High Availability Redis Configuration

Configure multiple Redis instances for redundancy:

yaml
redis_cache:
  hosts:
    10.10.1.1:
      redis_node_id: alpha
      redis_maxmemory_mb: 256
    10.10.1.2:
      redis_node_id: bravo
      redis_maxmemory_mb: 256
    10.10.1.3:
      redis_node_id: charlie
      redis_maxmemory_mb: 256

Note: Each Redis node operates independently, so no replication setup is required. Uptrace handles node selection automatically.

Step 5: Deploy Kafka (Optional)

By default Uptrace writes incoming telemetry to ClickHouse synchronously. For high-ingestion deployments you can place Apache Kafka between ingestion and storage: Uptrace publishes spans, logs, and metrics to Kafka, and a separate uptrace worker process consumes them and inserts the data into ClickHouse. The same brokers are also used by the ClickHouse Kafka engine.

Kafka solves two problems: it buffers data when ClickHouse is down or can't keep up (without it, data arriving during those windows is dropped), and it enables larger, more efficient batches before writing to ClickHouse. It also lets ingestion and storage scale and fail independently. In return it adds operational complexity, so reach for it only after exhausting the other scaling options. The Kafka worker requires the Enterprise tier — without the licensed Kafka feature it refuses to start. See scaling Uptrace for the full configuration reference and tuning options.

Kafka is entirely optional and is enabled simply by adding a kafka group to your inventory. When the group is present, the Uptrace role automatically:

  • renders a top-level kafka section and a ch_cluster.kafka section in config.yml from the group's hosts, and
  • installs and starts an additional uptrace-worker systemd service that drains the Kafka queues.

If you later remove the kafka group and re-run uptrace.yml, the worker is stopped and removed and Uptrace reverts to writing directly to ClickHouse.

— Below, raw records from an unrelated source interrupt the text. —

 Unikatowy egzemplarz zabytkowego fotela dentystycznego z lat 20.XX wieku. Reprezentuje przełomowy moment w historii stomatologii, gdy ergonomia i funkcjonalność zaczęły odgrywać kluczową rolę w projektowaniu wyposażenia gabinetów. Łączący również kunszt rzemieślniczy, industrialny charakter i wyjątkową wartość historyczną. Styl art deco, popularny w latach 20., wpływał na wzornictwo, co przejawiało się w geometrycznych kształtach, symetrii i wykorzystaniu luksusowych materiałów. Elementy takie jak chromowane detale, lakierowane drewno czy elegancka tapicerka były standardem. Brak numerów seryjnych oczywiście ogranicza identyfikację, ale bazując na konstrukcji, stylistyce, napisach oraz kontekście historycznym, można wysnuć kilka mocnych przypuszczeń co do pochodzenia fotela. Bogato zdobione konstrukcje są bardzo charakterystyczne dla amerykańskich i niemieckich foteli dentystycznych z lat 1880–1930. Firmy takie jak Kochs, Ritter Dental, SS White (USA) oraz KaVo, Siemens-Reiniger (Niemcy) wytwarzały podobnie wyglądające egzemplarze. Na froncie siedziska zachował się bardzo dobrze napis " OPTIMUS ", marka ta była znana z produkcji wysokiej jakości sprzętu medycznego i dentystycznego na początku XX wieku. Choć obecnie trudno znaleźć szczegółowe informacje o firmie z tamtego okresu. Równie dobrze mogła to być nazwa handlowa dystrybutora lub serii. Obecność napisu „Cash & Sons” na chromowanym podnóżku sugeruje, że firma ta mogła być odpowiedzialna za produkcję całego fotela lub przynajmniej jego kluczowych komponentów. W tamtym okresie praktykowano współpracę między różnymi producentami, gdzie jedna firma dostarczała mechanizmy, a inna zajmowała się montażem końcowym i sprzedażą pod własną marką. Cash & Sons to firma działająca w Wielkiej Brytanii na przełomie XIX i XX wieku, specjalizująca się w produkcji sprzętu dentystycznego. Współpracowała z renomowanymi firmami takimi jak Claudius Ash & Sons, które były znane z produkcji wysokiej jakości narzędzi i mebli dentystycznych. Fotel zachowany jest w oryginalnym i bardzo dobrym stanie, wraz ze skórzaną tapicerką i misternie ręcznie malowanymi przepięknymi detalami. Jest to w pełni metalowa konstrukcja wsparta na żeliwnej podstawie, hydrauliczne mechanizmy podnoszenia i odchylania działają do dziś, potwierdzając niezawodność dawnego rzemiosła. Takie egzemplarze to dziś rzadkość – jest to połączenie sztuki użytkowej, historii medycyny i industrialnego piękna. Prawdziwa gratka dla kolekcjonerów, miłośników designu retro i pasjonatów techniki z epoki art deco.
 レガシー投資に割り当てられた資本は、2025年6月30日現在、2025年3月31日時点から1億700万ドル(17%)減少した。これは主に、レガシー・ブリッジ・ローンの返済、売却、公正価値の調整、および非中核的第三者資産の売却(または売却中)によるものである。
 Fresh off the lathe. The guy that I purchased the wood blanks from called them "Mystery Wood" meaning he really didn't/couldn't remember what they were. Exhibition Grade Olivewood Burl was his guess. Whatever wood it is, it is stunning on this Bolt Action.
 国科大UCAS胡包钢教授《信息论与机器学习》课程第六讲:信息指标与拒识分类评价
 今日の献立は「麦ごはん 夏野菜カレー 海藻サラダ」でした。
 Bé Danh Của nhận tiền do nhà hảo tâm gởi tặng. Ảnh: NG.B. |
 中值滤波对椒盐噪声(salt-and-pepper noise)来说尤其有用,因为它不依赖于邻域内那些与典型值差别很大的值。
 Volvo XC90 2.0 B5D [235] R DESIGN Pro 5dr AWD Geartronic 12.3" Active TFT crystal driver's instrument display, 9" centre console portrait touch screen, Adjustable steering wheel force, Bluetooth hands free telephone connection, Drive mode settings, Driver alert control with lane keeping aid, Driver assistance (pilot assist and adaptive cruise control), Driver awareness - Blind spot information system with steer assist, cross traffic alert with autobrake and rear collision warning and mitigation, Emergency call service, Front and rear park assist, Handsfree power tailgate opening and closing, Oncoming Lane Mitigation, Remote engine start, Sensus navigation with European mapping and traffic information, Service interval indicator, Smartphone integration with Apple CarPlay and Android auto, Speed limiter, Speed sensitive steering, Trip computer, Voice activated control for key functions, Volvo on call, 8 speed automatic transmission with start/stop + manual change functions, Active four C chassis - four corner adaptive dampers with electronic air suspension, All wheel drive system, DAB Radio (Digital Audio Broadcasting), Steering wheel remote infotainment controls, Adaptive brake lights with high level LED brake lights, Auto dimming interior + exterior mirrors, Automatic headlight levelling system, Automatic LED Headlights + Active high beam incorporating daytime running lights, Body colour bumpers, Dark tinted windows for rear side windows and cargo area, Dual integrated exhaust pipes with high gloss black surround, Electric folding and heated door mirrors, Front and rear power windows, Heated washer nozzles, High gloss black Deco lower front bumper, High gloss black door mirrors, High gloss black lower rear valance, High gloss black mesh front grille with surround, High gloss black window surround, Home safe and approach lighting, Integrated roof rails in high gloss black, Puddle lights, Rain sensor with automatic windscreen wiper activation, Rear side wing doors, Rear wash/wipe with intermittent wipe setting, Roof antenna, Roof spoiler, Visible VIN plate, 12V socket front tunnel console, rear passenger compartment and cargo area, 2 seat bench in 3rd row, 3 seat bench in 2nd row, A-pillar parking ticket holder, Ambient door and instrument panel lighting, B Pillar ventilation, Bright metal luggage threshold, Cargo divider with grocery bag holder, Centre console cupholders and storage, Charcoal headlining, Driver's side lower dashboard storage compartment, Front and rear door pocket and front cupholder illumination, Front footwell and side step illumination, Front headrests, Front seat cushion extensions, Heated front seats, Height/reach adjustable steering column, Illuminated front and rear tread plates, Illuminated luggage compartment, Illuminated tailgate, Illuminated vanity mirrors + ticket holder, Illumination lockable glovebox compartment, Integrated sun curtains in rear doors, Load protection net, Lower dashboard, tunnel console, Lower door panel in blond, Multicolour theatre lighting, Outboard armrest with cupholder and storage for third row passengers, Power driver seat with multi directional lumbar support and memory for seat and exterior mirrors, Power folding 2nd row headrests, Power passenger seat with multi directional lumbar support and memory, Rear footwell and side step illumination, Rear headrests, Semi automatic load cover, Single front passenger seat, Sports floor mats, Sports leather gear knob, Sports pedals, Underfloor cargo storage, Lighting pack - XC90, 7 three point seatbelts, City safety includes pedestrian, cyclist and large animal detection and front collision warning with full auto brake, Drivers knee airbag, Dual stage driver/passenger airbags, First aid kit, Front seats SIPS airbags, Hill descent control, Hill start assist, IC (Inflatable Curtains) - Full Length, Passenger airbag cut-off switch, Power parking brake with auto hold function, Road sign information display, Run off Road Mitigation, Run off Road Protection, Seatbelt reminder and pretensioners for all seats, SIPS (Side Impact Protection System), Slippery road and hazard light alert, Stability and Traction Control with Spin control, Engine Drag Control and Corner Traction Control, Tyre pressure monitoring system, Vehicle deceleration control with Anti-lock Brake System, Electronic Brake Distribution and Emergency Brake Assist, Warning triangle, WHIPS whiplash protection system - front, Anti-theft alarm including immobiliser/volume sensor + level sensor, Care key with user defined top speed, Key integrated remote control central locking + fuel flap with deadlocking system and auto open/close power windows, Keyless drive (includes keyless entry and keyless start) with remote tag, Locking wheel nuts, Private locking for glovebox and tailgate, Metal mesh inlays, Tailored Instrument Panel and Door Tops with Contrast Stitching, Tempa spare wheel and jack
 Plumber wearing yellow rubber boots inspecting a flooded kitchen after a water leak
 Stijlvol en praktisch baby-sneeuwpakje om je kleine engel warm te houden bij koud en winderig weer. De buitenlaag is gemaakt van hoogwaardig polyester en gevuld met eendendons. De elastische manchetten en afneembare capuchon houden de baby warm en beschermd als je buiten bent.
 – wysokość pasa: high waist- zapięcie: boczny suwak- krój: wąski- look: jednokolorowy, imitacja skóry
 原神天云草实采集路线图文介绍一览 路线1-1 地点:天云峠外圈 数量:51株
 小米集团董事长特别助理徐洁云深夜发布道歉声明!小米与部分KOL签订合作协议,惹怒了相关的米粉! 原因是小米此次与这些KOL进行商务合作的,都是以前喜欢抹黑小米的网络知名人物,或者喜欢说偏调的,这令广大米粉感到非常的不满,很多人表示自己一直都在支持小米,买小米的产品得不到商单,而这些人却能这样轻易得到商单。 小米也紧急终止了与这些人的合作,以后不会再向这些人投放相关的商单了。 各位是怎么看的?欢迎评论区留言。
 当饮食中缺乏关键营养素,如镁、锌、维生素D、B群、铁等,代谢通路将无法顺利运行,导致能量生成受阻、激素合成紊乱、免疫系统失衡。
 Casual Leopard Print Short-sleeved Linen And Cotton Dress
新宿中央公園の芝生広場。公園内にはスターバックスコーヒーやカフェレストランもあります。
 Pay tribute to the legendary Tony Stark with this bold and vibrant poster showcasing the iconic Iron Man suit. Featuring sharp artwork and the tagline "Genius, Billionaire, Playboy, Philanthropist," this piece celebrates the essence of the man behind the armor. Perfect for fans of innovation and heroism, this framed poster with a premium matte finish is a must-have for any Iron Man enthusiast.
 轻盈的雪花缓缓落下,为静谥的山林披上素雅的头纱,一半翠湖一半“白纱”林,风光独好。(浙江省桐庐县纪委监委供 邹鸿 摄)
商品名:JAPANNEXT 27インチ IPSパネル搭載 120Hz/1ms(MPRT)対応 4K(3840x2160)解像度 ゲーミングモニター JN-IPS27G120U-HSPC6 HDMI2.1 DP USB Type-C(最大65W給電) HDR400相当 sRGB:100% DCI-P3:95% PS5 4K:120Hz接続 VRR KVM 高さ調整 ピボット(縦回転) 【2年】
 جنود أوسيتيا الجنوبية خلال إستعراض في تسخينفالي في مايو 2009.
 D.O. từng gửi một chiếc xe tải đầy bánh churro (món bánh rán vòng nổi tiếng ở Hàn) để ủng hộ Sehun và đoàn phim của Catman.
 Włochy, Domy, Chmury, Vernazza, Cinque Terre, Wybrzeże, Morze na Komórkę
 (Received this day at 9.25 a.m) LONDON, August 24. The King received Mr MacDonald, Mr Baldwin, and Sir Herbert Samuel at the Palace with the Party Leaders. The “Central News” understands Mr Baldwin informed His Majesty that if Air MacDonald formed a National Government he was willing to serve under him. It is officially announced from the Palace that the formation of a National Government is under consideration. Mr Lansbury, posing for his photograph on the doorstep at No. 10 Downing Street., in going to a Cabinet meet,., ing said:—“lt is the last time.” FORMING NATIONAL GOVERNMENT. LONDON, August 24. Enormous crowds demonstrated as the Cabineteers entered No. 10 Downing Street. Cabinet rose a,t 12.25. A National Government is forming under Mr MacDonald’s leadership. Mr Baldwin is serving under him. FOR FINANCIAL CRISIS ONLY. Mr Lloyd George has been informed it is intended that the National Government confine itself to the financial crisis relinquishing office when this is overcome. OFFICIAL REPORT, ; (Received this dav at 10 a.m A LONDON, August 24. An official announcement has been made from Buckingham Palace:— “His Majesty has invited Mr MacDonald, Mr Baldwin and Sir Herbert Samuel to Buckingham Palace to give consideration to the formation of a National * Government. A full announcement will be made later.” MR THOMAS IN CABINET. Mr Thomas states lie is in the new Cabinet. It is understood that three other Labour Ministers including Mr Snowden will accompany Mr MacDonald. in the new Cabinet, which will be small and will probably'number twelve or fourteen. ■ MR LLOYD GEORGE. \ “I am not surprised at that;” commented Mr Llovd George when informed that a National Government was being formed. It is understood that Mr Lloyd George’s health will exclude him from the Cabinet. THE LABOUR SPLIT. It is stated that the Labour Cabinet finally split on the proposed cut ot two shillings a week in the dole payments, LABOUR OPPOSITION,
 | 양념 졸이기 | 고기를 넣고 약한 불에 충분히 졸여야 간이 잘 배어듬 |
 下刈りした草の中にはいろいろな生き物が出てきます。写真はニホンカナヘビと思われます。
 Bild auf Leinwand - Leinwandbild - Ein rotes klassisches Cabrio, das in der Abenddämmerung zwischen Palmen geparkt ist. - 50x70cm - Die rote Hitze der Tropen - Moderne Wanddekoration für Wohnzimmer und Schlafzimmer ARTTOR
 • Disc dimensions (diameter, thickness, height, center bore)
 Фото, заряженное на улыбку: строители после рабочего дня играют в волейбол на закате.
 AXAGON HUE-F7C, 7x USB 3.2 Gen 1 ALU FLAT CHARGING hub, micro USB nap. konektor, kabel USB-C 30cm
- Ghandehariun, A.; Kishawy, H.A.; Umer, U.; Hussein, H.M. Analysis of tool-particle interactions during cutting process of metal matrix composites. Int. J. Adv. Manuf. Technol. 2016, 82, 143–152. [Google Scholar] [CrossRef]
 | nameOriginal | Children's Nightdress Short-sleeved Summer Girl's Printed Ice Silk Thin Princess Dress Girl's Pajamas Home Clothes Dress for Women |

  1. Add a Kafka broker to your inventory:
    yaml
    kafka:
      hosts:
        10.10.1.1: { kafka_node_id: 1 }
    

    Brokers listen on port 9092. Each broker advertises its inventory hostname, so make sure your Uptrace and ClickHouse hosts can reach the Kafka host at that address.
  2. Keep the KRaft cluster id constant in group_vars/all.yml (already present in the sample). It is used to format Kafka storage and must not change between runs:
    yaml
    # Generate your own with: /opt/kafka/bin/kafka-storage.sh random-uuid
    kafka_cluster_id: MkU3OEVBNTcwNTJENDM2Qk
    
  3. Deploy Kafka:
    shell
    ansible-playbook -i inventory.yml kafka.yml
    
  4. Re-deploy Uptrace so it picks up the Kafka configuration and starts the worker (covered in the next step):
    shell
    ansible-playbook -i inventory.yml uptrace.yml
    

Verification

shell
# Check the worker service status
sudo systemctl status uptrace-worker

# View worker logs (should show it consuming Kafka topics)
sudo journalctl -u uptrace-worker -f

Step 6: Deploy Uptrace

With all dependencies in place, deploy the main Uptrace application:

shell
ansible-playbook -i inventory.yml uptrace.yml

Verification

Check that Uptrace is running correctly:

shell
# View Uptrace logs
sudo journalctl -u uptrace -f

# Check service status
sudo systemctl status uptrace

# If Kafka is enabled, also check the worker that drains the queues
sudo systemctl status uptrace-worker

# Test connectivity
curl -f http://localhost:80/api/v1/health

First Login

Open Uptrace at the site_url you configured in group_vars/all.yml (the sample defaults to http://uptrace.local). On first startup the playbook seeds an admin account from the seed_data block in group_vars/all.yml — the sample ships with admin@uptrace.local / admin.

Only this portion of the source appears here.